Le premier ministre ukrainien a également saisi cette opportunité pour attaquer son prédécesseur, Mme Timochenko, quant à l'accord gazier signé en 2009 avec la Russie. Il l'a accusé d'avoir envoyé « des gens mourir » dans les hôpitaux en raison du manque de médicaments qui a découlé du prix élevé qu'elle a négocié pour le gaz.
M. Azarov a expliqué en long et en large que Mme Timochenko avait conclu un accord gazier désastreux pour compenser la Russie des 405 millions de dollars (318 millions d'euros) de pertes que l’ancienne première ministre aurait détournés des années auparavant. Elle aurait détourné cet argent pour son propre compte au détriment du ministère russe de la défense. Il a affirmé que cette somme équivalait au budget annuel de son pays pour la santé publique.
« Pourquoi la Russie a-t-elle jeté l'éponge ? Est-ce si peu d'argent ? Je pense que c'est beaucoup d'argent.
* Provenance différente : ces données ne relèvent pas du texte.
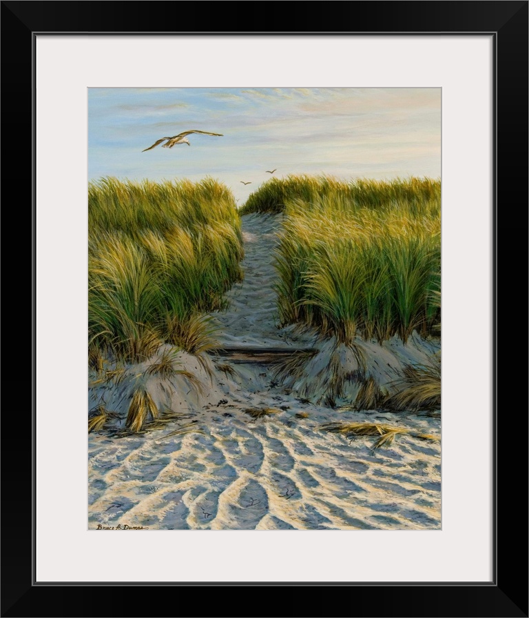 <p>Contemporary artwork of a seagull flying over a path through grassy sand dunes.</p>
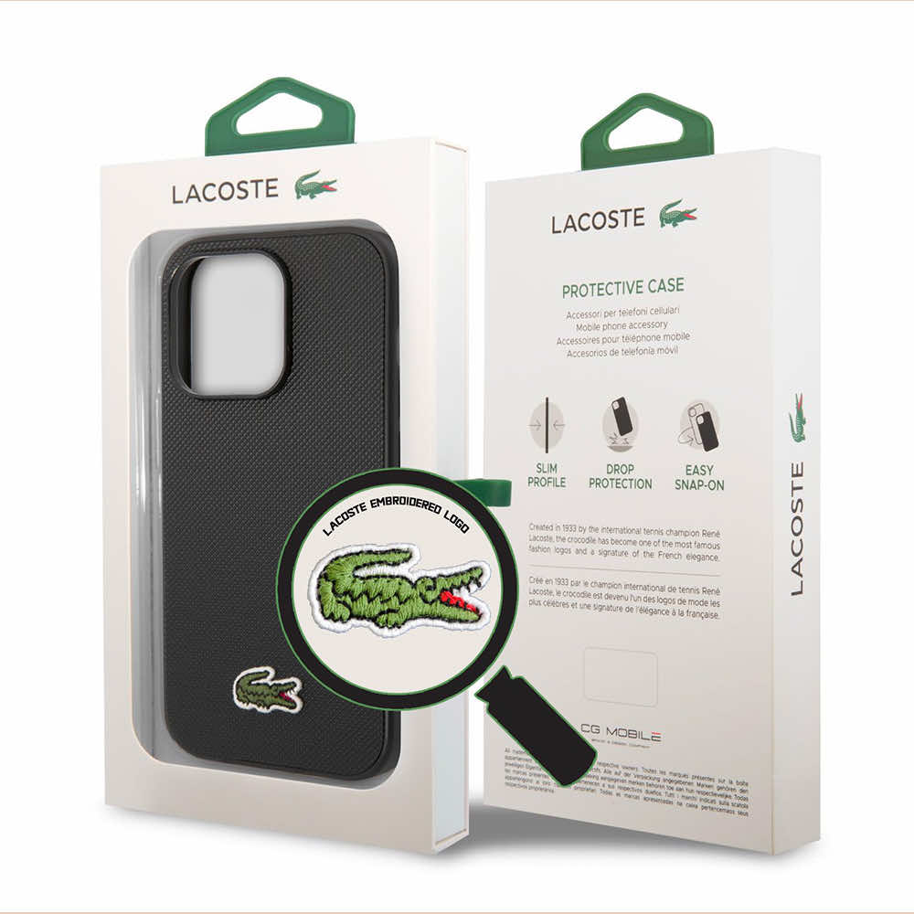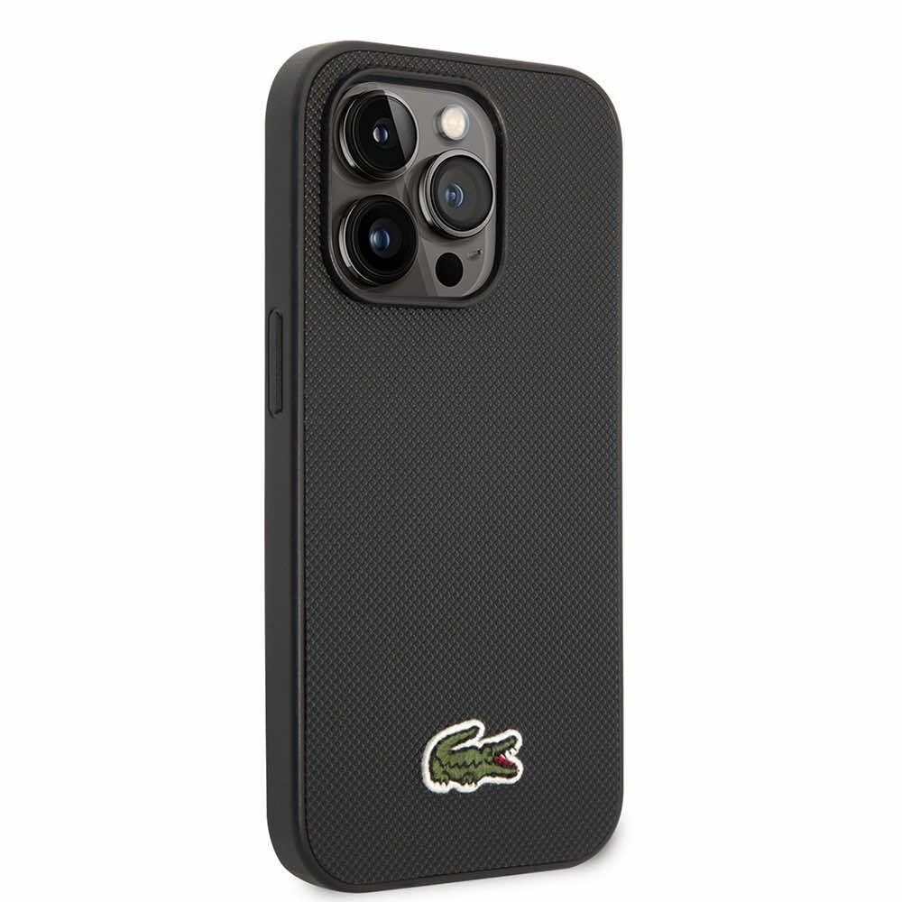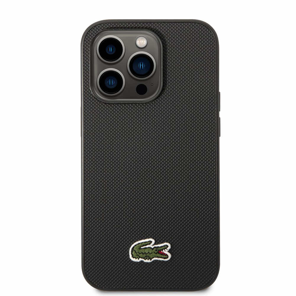 Lacoste Iconic Petit Pique Logo Case - дизайнерски кожен кейс за iPhone 14 Pro (черен)

Mais pourquoi la Russie s'est-elle montrée si généreuse envers Mme Timochenko ? Pourquoi la Russie a-t-elle abandonné les charges contre Mme Timochenko, pourquoi adopter cette attitude ? Pourquoi ? », a demandé M. Azarov.
Il a expliqué qu'il avait interrogé M. Poutine, premier ministre à l'époque, à propos du contrat gazier de 2009.
« Il y avait des intérêts privés de la part de Mme Timochenko », a-t-il affirmé.
En référence aux jeux de pouvoir qui s'opèrent en Russie, le premier ministre ukrainien a parlé du jour où la Russie avait eu besoin de l'accord de la Turquie pour construire le gazoduc South Stream via les eaux territoriales de ses voisins dans la mer Noire.
« Pourquoi le prix pour la Turquie est-il tombé à 190 dollars (150 euros), alors qu'il a grimpé à 520 dollars (408 euros) pour l'Ukraine ? […] je peux citer d'autres exemples », a affirmé M. Azarov, laissant entendre que la Russie achetait de l'influence politique avec des ristournes sur le prix du gaz.
Argent gaspillé ?
M. Azarov a expliqué que le gazoduc South Stream, conçu avec une capacité maximum de 68 milliards de mètres cubes par an (mmc/an) coûterait 20 milliards d'euros. D'après lui, cela revient à jeter l'argent par les fenêtres quand on sait que la modernisation des trois gazoducs de son pays coûterait 1,5 milliard d'euros et pourraient approvisionner l'Europe avec 120 mmc/an.
En raison de ses relations tendues avec la Russie, l'Ukraine envisage de développer l'exploitation du gaz de schiste, a-t-il déclaré. Selon M. Azarov, son pays et l'Europe regorgent de réserves de gaz de schiste. Il a cependant ajouté que l'Ukraine préfèrerait investir son argent dans la modernisation de son économie et de la société.
« La Russie a elle aussi des tonnes de problèmes », a-t-il assuré, laissant entendre que Moscou dépensait trop d'argent dans des projets politiques de gazoducs et pourrait mieux utiliser ses ressources.
Lorsqu'il lui a été demandé si l'affaire Timochenko pouvait se régler via une forme de grâce présidentielle, M. Azarov a donné la parole à un juriste qui a expliqué que l'ancienne première ministre devrait d'abord en faire la demande.